5月に、弁護士法人心の相続チームが東京から銀座に移転して、早くも1か月以上経ちました。おかげさまで楽しくやっています。

 

今日は、相続分の譲渡について書いてみようと思います。

 

遺産分割においては、法定相続分どおりに分けるということが多いのですが、時々、相続人が他の相続人(または第三者)に対し、自己の相続分の全部又は一部を譲渡するという場合があります。

どういった場合に相続分を譲渡するかというと、よくあるのは、数次相続で相続人の数が膨大になる場合に、人数を絞るような場合です。たとえば、相続人が10人とか20人とかいると、全員で遺産分割協議を行うのは大変でお手上げ状態になってしまいます。

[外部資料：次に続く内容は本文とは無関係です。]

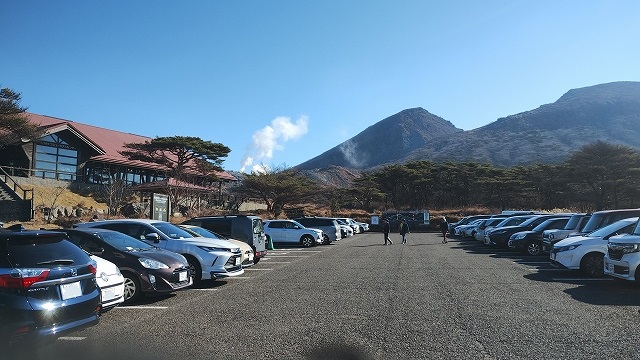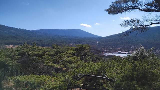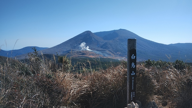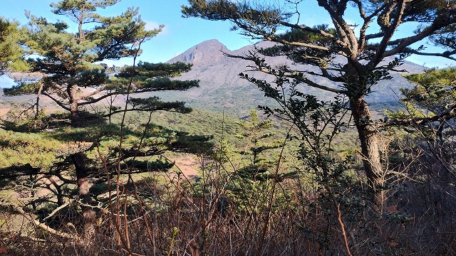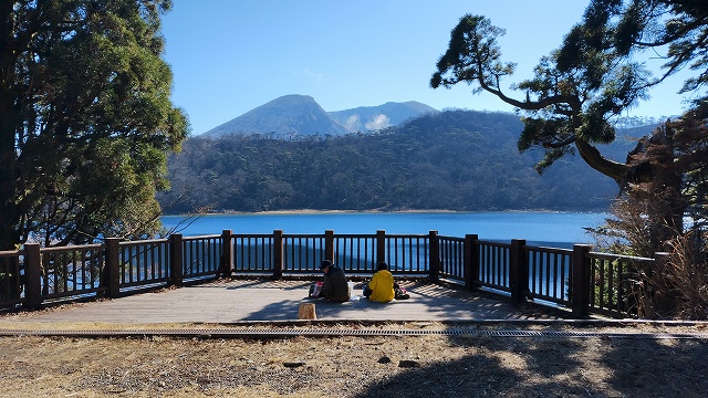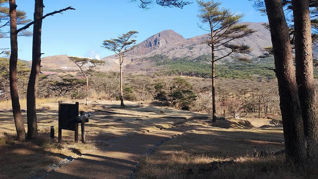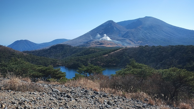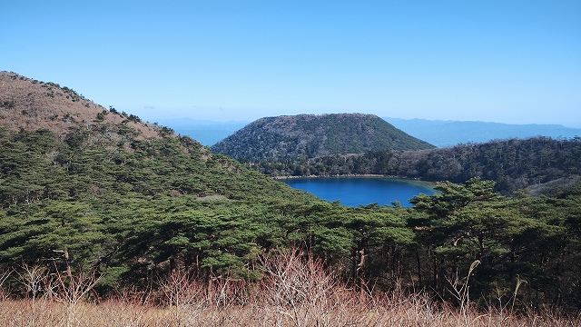 えびの岳展望台まで登ってきましたが、火口窪地は見えない。

人数を絞ることで、手続を簡便にして進めることができます。

 

また、長年被相続人と疎遠であった相続人などが、他の相続人に対して、相続分を譲渡するような場合もあります。

たとえば、相続人が妻と長男、長女であったときに、長男が病気の父の介護を行ってくれたなどの理由で、長女が長男に対し、自己の相続分の全部を無償で譲渡するような場合です。

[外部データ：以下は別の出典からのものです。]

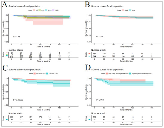 The overall 5-year survival rate was 94.9% (95% CI—93% to 96%) with no significant difference between the lowest and highest rates (chi-squared test; p = 0.331). The 0 to 5-year-old group had the lowest survival rate of 90% (95% CI—76% to 100%), while the 11–15-year-old group had the highest survival rate of 96% (95% CI—93% to 98%), as shown in Figure 4A. There were no significant racial differences (p = 0.816), as shown in Figure 4B. Histology was found to significantly affect the 5-year survival rate (p = 0.003), with a lower survival rate observed for RMS (78%, 95% CI—66% to 93%) compared to epithelial salivary gland neoplasms (96%, 95% CI—94% to 98%). Tumor location was also found to significantly affect the 5-year survival rate (p = 0.009), with parotid malignancies having a higher survival rate (96%, 95% CI—95% to 98%) compared to submandibular neoplasms (87%, 95% CI—80% to 95%), as shown in Figure 4C. Margin status was found to be significantly associated with 5-year survival in high-stage tumors (p = 0.003), with negative margins showing an observed survival rate of 94% (95% CI—89% to 99%) compared to positive margins, which had a survival rate of 80% (95% CI—71% to 90%), as shown in Figure 4D.

その場合は、妻と長男だけで遺産分割協議を行うことができ、長女は遺産分割協議に署名押印する必要はありません。

このような協力によって、介護のねぎらいの気持ちを伝えることができるなど、長期的にも良い影響があると感じることがあります。

 

なお、相続分の譲渡を行うと、譲渡人と譲受人との関係では、プラスの財産もマイナスの財産も含む相続財産全体について、割合的持分が移転しますが、相続債務の債権者との関係では、相続分の譲渡人を免責すべきではないとされているため、譲受人だけでなく譲受人も責任を負うこととなるので、注意が必要です。